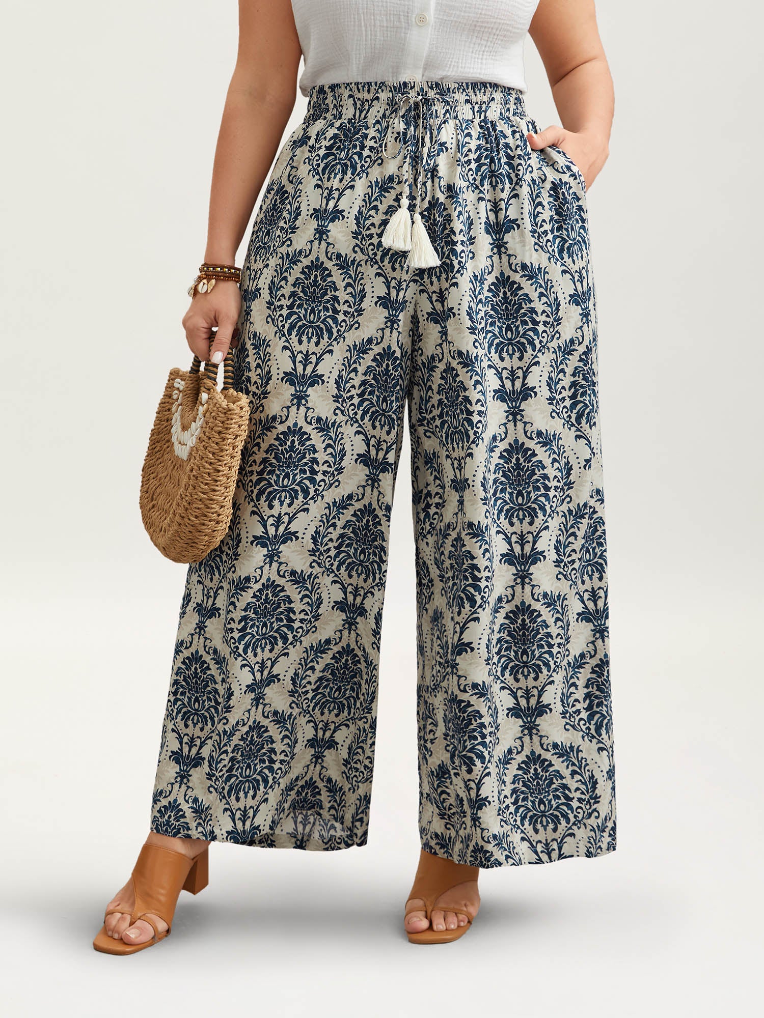 Damask Print Tassel Straight-Leg Pants
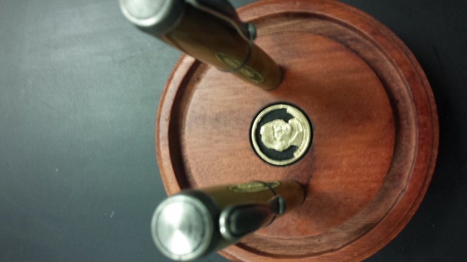 Set of antique silver Jr Georges with tulip poplar planted by Thomas Jefferson in 1807. Gold Jefferson dollar cut using jewelers fret saw. Made for CEO on his 25th anniversary with company.
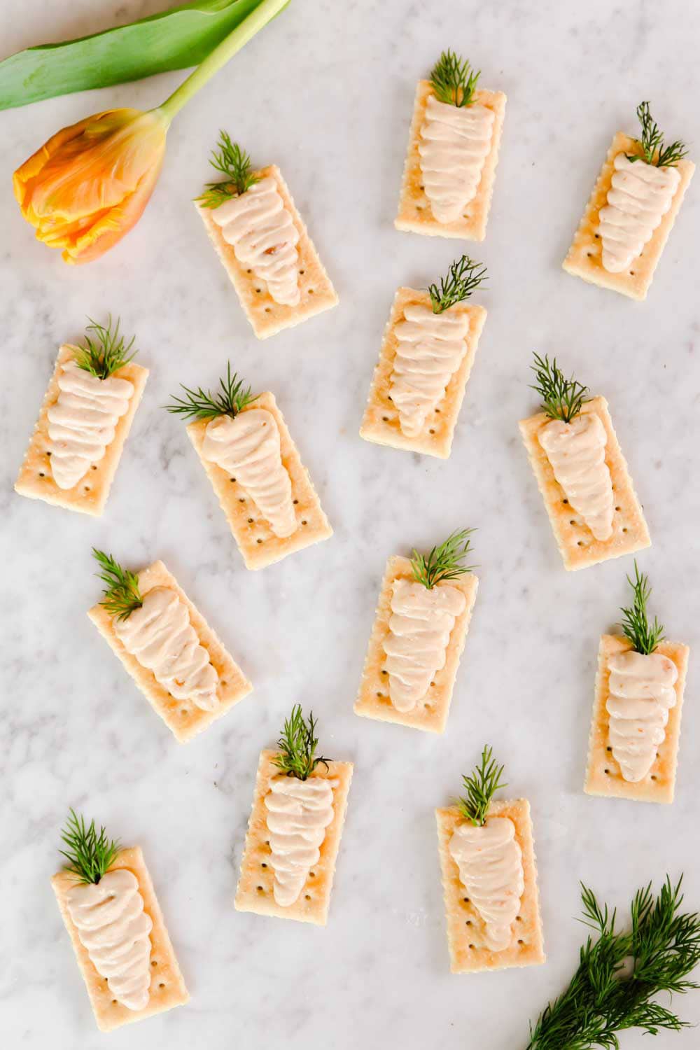 - Top with a sprig of dill tucked into the wider end of the “carrot” shape. Continue with remaining crackers and serve.
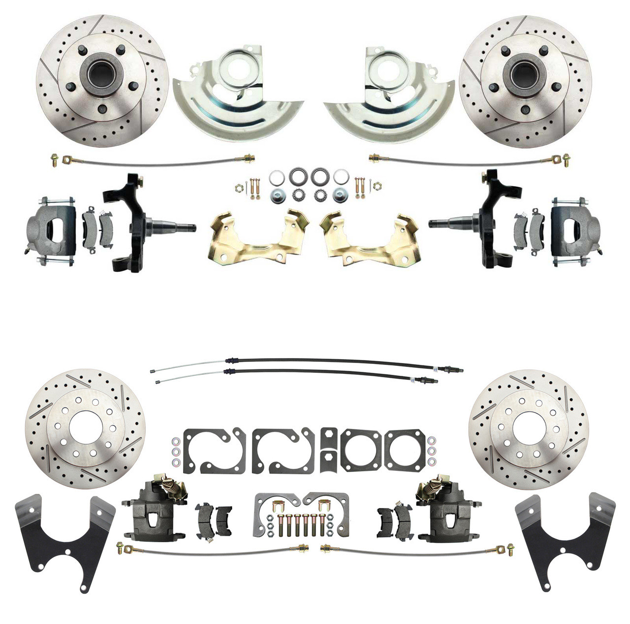 - DBK6472D1012LX - 1964-1972 GM A Body (Chevelle, GTO, Cutlass) 2" Drop Front & Rear Disc Brake Kit w/ Drilled & Slotted Rotors

What is required:
Output a verbatim copy of the lines from the line containing "- Top with a" through the end of the data, both included, without any images.

Solution for this problem:
 - Top with a sprig of dill tucked into the wider end of the “carrot” shape. Continue with remaining crackers and serve.
 - DBK6472D1012LX - 1964-1972 GM A Body (Chevelle, GTO, Cutlass) 2" Drop Front & Rear Disc Brake Kit w/ Drilled & Slotted Rotors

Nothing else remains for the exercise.